The 4th level differences are constant at 0.5. Hence, we expect this sequence to be a 4th degree sequence. We are only interested in the first terms of the n-level differences to gives us the rule for this sequence. So, we have K4 = 1, K3 = 3.5, K2 = 4.5, K1 = 2.5, and K0 = 0.5. These are the only numbers we are interested in to find the general formula. The polynomial is a 4th degree polynomial.

Plugging these values in gives us:

f(n) = 1+\frac{7}{2}(n) + \frac{9}{4}(n)(n-1) + \frac{5}{12} (n)(n-1)(n-2) + \frac{1}{48}(n)(n-1)(n-2)(n-3)

When n = 0, f(0) = 1. Hence, the power of n that corresponds to this is 2n. So the formula for our coefficients is:

f(n) = 2^n\left [1 + \frac{7}{2}(n) + \frac{9}{4}(n)(n-1) + \frac{5}{12}(n)(n-1)(n-2) + \frac{1}{48}(n)(n-1)(n-2)(n-3)\right ]

However, these coefficients only come into play when n = 8. So we have to shift these by 8.

So the sequence rule is as follows:

\left (\sum_{i=4}^{\left \lfloor \frac{n}{2} \right \rfloor - 3}C_{2i}^{n}\cdot C_{i-4}^{i} \right ) = 2^{n-8}\left [1 + \frac{7}{2}(n-8) + \frac{9}{4}(n-8)(n-9) + \frac{5}{12}(n-8)(n-9)(n-10) + \frac{1}{48}(n-8)(n-9)(n-10)(n-11)\right ]

The formulas for the other coefficients reduces nicely. Let’s multiply this out to see if the same happens to this formula.
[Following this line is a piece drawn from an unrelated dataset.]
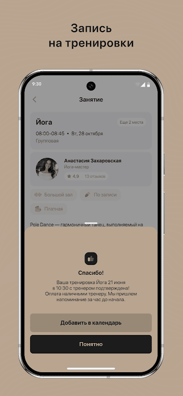 - Скорректированы статусы в "Моих записях" после регистрации на групповое или персональное занятие.
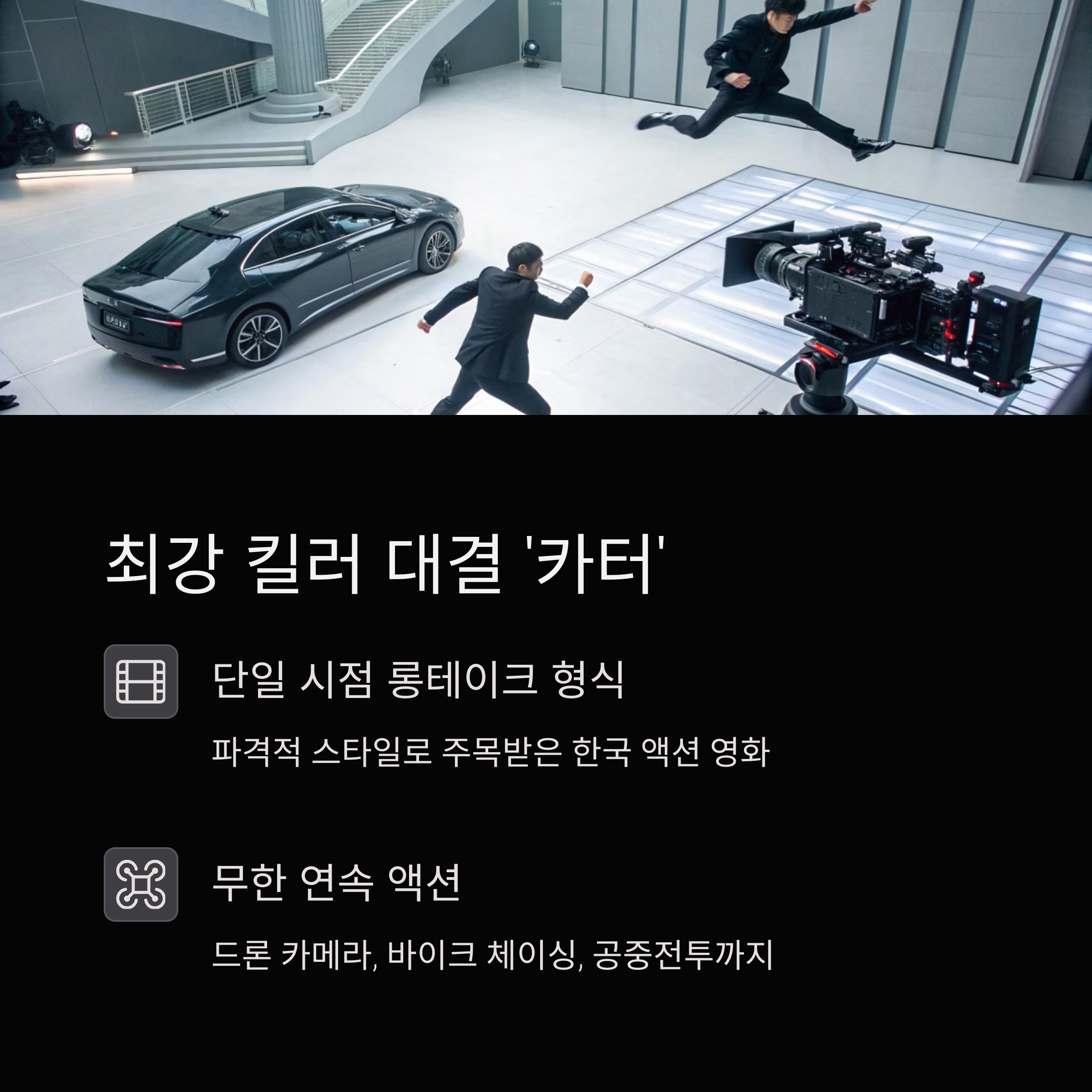 한국 영화 '카터'는 단일 시점 롱테이크 형식으로 촬영된 파격적 스타일로 주목받았습니다.

Using a computer, this expands nicely to:

\left (\sum_{i=4}^{\left \lfloor \frac{n}{2} \right \rfloor - 3}C_{2i}^{n}\cdot C_{i-4}^{i} \right ) = 2^{n-8}\left ( \frac{n^4}{48} - \frac{3n^3}{8} + \frac{107n^2}{48} - \frac{35n}{8} \right ), which itself factors even more nicely as:

\left (\sum_{i=4}^{\left \lfloor \frac{n}{2} \right \rfloor - 3}C_{2i}^{n}\cdot C_{i-4}^{i} \right ) = \frac{2^{n-12}}{3}(n)(n-5)(n-6)(n-7).